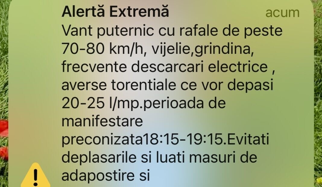 Sunt preconizate vânt puternic cu rafale de peste 70-80 km/h, vijelie,grindină, frecvente descărcări electrice , averse torențiale ce vor depăși 20-25 l/mp.
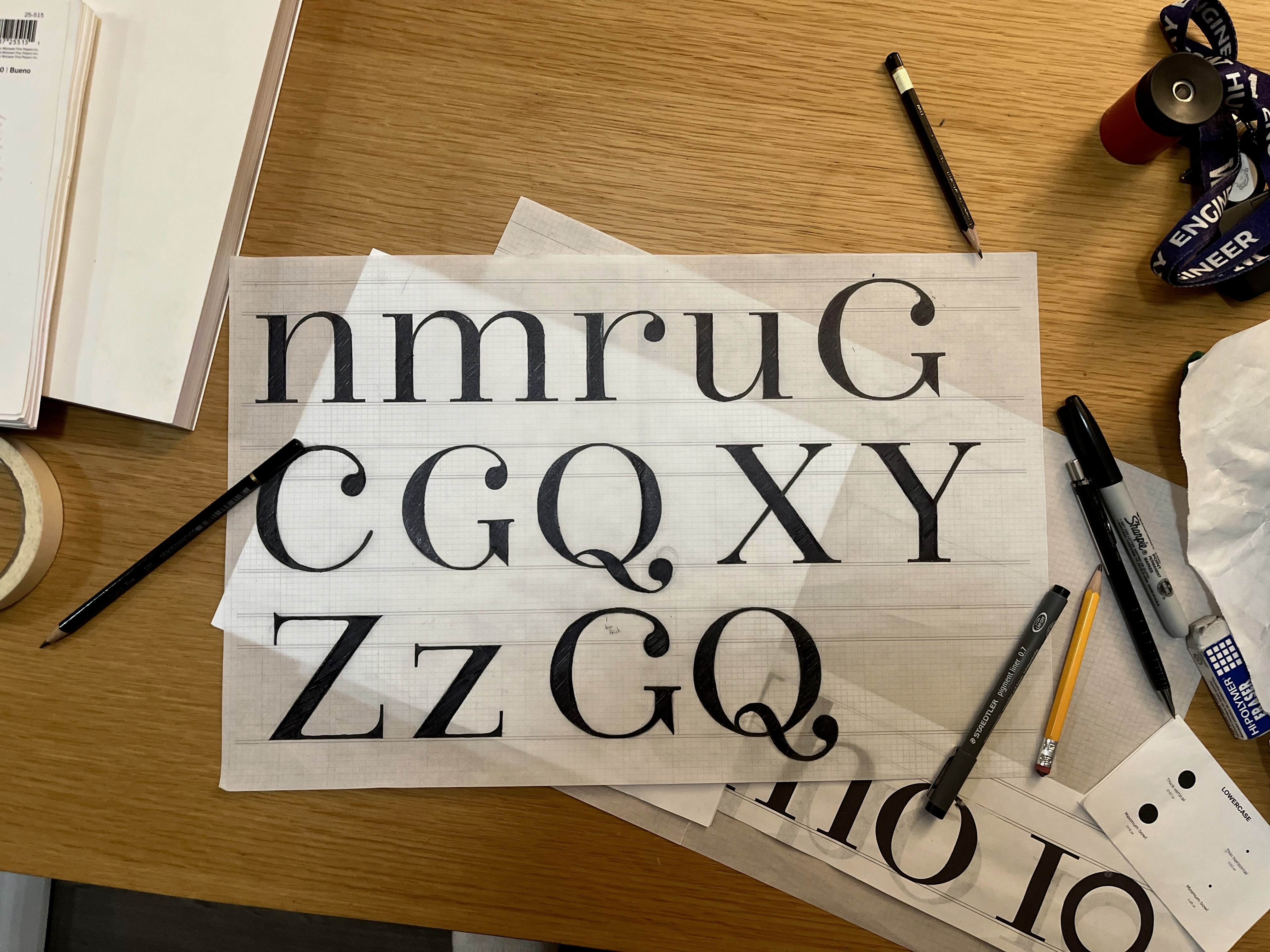 As someone whose journey with design has been tightly intertwined with the digital world, doing the majority of this work with pen and paper was a refreshing experience. I felt a connection and engagement with the design only possible when working with something tangible. Conversely, though, the ease with which our hand-drawn letters became a functional digital font was delightful and served to demonstrate the role technology can play in design.
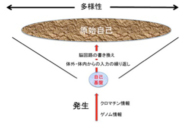 まず脳神経系の自己を発生させるためには、それを可能にする脳の構造・機能的基盤の発生が必要になる。この脳神経系の構築に関わる最も重要な情報がゲノムで、進化、あるいは種内の個体間の多様性として生まれるゲノム情報の違いは、脳神経系の構造や機能の違いに反映される。
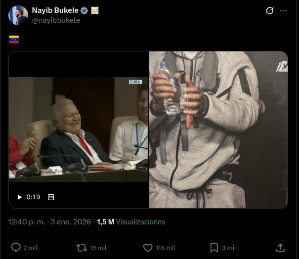 EL SALVADOR.- No necesitó decir ni una sola palabra, el presidente de El Salvador Nayib Armando Bukele solo subió un vídeo de Nicolas Maduro, donde lo amenazaba, en respaldo a su captura este sábado por Estados Unidos.

------------------------------

INSTRUCTIONS TO FOLLOW
Write the lines from the line containing "まず脳神経系の自己を発生させ" through the last line of the data out again exactly, and only those lines; pictures stay out.

WRITTEN REPLY
 まず脳神経系の自己を発生させるためには、それを可能にする脳の構造・機能的基盤の発生が必要になる。この脳神経系の構築に関わる最も重要な情報がゲノムで、進化、あるいは種内の個体間の多様性として生まれるゲノム情報の違いは、脳神経系の構造や機能の違いに反映される。
 EL SALVADOR.- No necesitó decir ni una sola palabra, el presidente de El Salvador Nayib Armando Bukele solo subió un vídeo de Nicolas Maduro, donde lo amenazaba, en respaldo a su captura este sábado por Estados Unidos.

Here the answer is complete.